Stored data entries:

------------------------------------

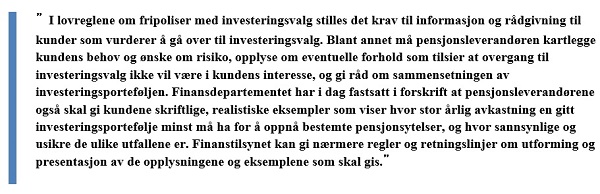 Utover dette har en samlet finansnæring laget retningsregler for rådgivingen. Alt dette kommer i tillegg til de alminnelige regler for rådgivning, informasjon og dokumentasjon vi ellers har ovenfor kunder. Selvsagt er det mye overlapp, men en av utfordringene har likevel blitt å systematisere disse mange krav på en slik måte at kunden faktisk tilegner seg nødvendig informasjon, forstår den og gjør det valg som er riktig for den enkelte.
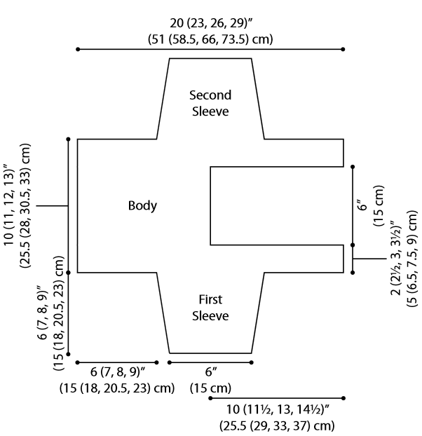 Cast on 20 (23, 26, 29) sts for front, knit to end of row—40 (46, 52, 58) sts.
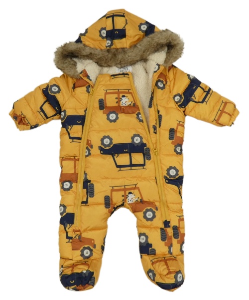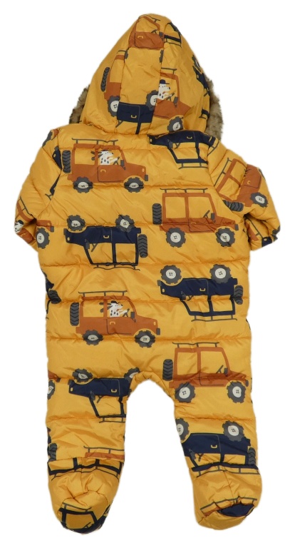 Žltá šušťáková zimná kombinéza s autami a kapucňou F&F
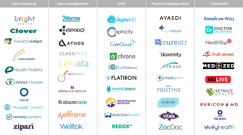 The “leader board” of the Everest Group list of hot healthcare start-ups comprises five highest-ranking companies in each of five focus-area segments:
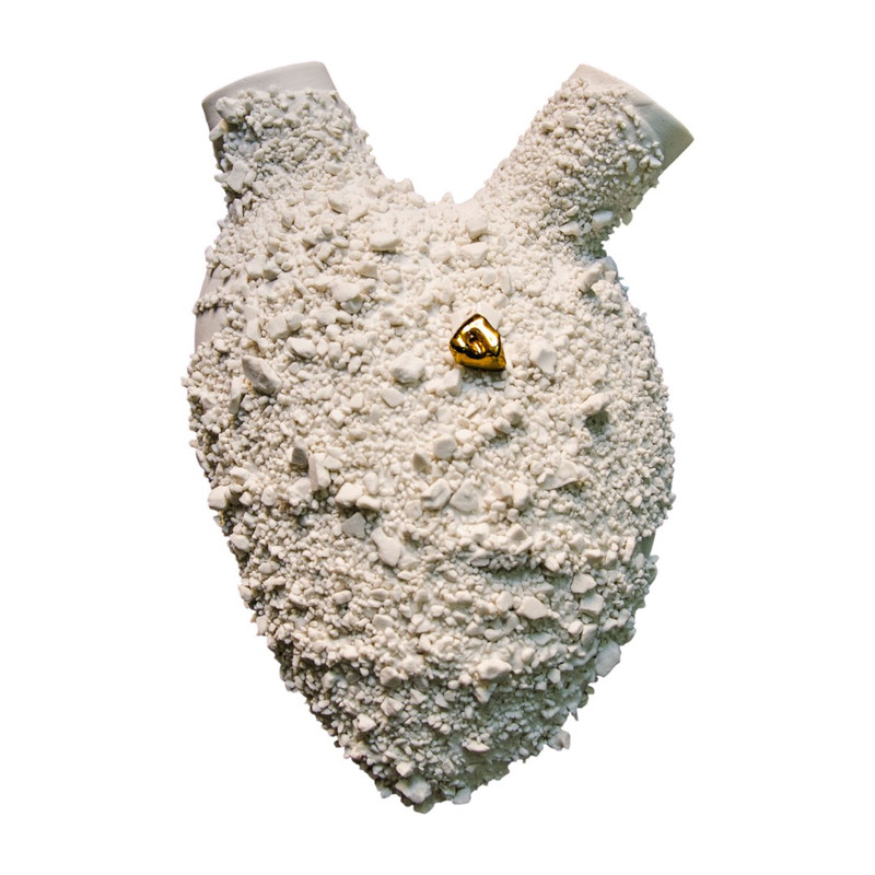 A heart-shaped porcelain ex-voto that is also a container: for flowers, ideas, messages, decorated with graphic and plastic motifs: letters, numbers and figures painted with a brush; small handmade sculptures for contemporary messages written in a universal language. Each heart has its own rhythm, its own beat, its own meaning, between irony and divertissement.
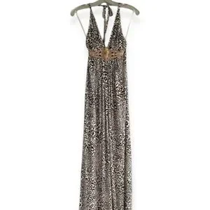 Sky Leopard Print Rhinestone Beaded Maxi Dress XS Halter Open Back Glam Y2K NWT
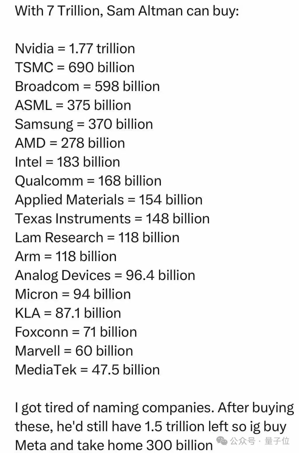 网友测算这些资金足以吞并英伟达+台积电+英特尔+三星+高通+博通+AMD+ASML等等等许多半导体头部公司之后,再顺手买个Meta,最后还有富余。

------------------------------------

■ Required action ■
Output a verbatim copy of the entries and skip the pictures.

■ Response to the task ■
 Utover dette har en samlet finansnæring laget retningsregler for rådgivingen. Alt dette kommer i tillegg til de alminnelige regler for rådgivning, informasjon og dokumentasjon vi ellers har ovenfor kunder. Selvsagt er det mye overlapp, men en av utfordringene har likevel blitt å systematisere disse mange krav på en slik måte at kunden faktisk tilegner seg nødvendig informasjon, forstår den og gjør det valg som er riktig for den enkelte.
 Cast on 20 (23, 26, 29) sts for front, knit to end of row—40 (46, 52, 58) sts.
 Žltá šušťáková zimná kombinéza s autami a kapucňou F&F
 The “leader board” of the Everest Group list of hot healthcare start-ups comprises five highest-ranking companies in each of five focus-area segments:
 A heart-shaped porcelain ex-voto that is also a container: for flowers, ideas, messages, decorated with graphic and plastic motifs: letters, numbers and figures painted with a brush; small handmade sculptures for contemporary messages written in a universal language. Each heart has its own rhythm, its own beat, its own meaning, between irony and divertissement.
 Sky Leopard Print Rhinestone Beaded Maxi Dress XS Halter Open Back Glam Y2K NWT
 网友测算这些资金足以吞并英伟达+台积电+英特尔+三星+高通+博通+AMD+ASML等等等许多半导体头部公司之后,再顺手买个Meta,最后还有富余。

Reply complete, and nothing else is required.